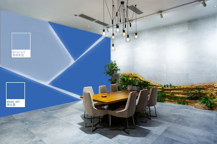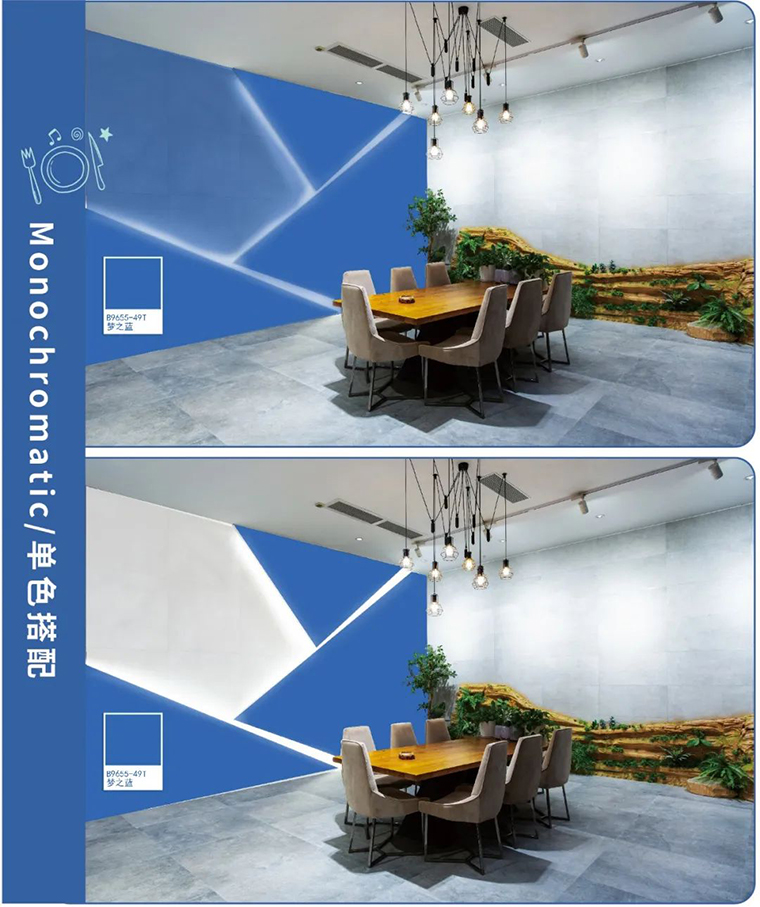 因?yàn)樗{(lán)色讓人明顯降低食欲。Pantone色彩研究所Leatrice Eiseman說(shuō)過(guò):藍(lán)色可以很好地表現(xiàn)出恒定和信任感,也能呈現(xiàn)出時(shí)髦的現(xiàn)代風(fēng)格。所以今天大寶色彩研發(fā)團(tuán)隊(duì)將通過(guò)夢(mèng)之藍(lán)B9655-49D色系搭配,在餐廳中使用藍(lán)色,擺脫「藍(lán)色魔咒」!
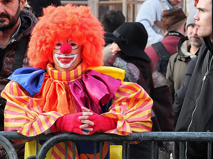 Mi piace questa street perchè ha un effetto straniante. C'e un personaggio vestito da clown, ma nessuno ride e nemmeno sembra rallegrarsi o anche solo notare questa presenza. Lui stesso, ossia il clown, è serio e disinteressato a far ridere qualcuno, quasi assente ed immerso nei suoi pensieri. Lo stesso ambiente circostante sembra partecipare a questa "tristezza" che c'è nell'aria con una folla dall'abbigliamento privo di ogni nota di colore cui si contrappone quasi il grido inascoltato dei chiassosi colori del clown. A mio avviso, scatto più che apprezzabile. A voler essere pignoli regolerei solo la lieve sovraesposizione della parrucca del clown, ma è veramente un'inezia. Ciao
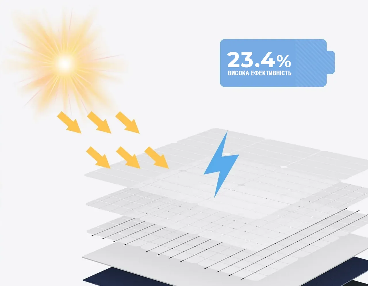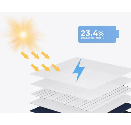- Вищий коефіцієнт перетворення сонячної енергії на електричну — до 23,4%.
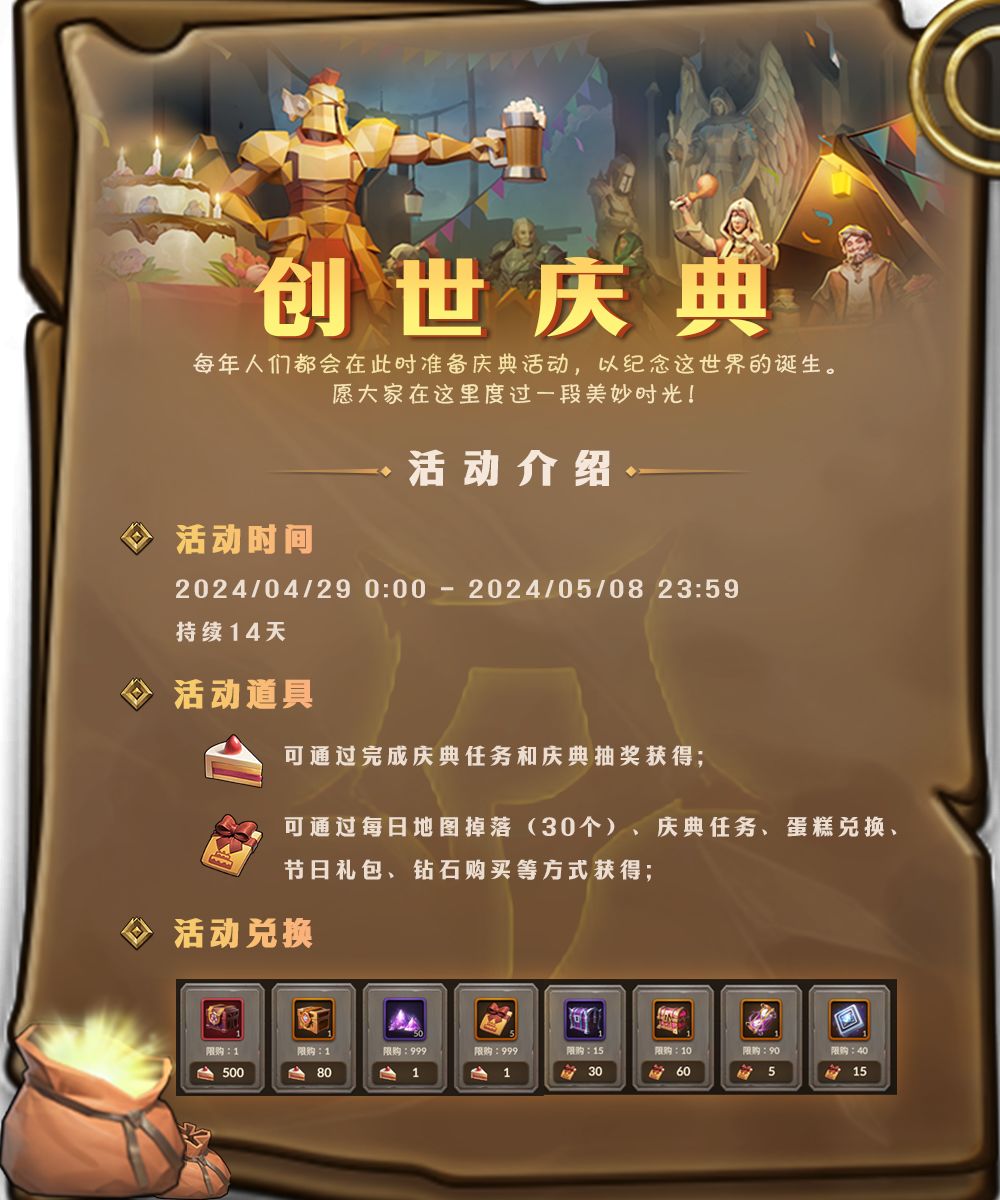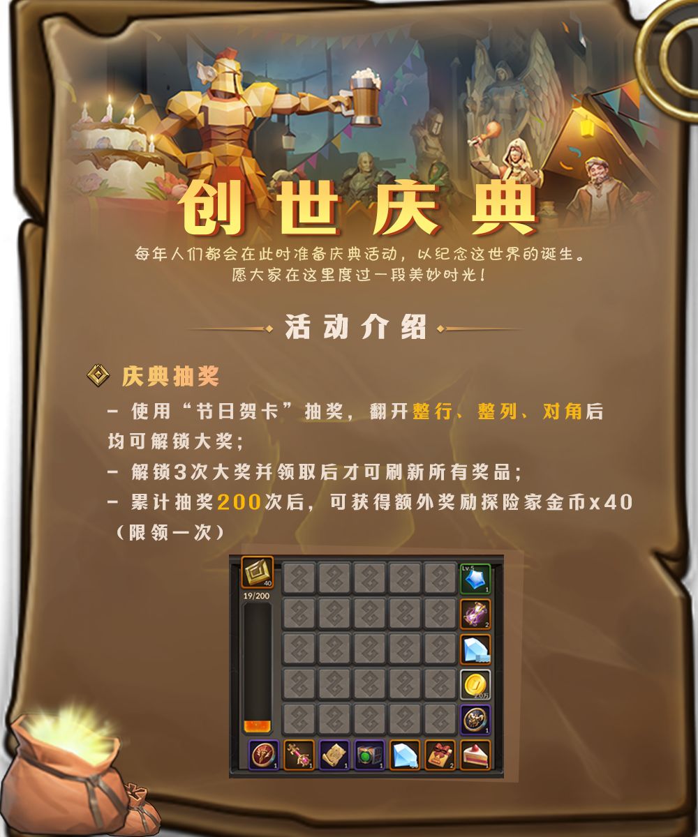 营地已备好美食,探险家协会也整顿完毕准备开张,欢迎来参加一年一度的创世庆典活动!
++++++++++++++++++++
_DIRECTIONS FOR THIS TASK_
Find the line containing "- Вищий коефіцієнт" in the listing above. Restate it and every line after it, word for word, through the final line, leaving out the pictures.

_TASK OUTPUT_
- Вищий коефіцієнт перетворення сонячної енергії на електричну — до 23,4%.
 营地已备好美食,探险家协会也整顿完毕准备开张,欢迎来参加一年一度的创世庆典活动!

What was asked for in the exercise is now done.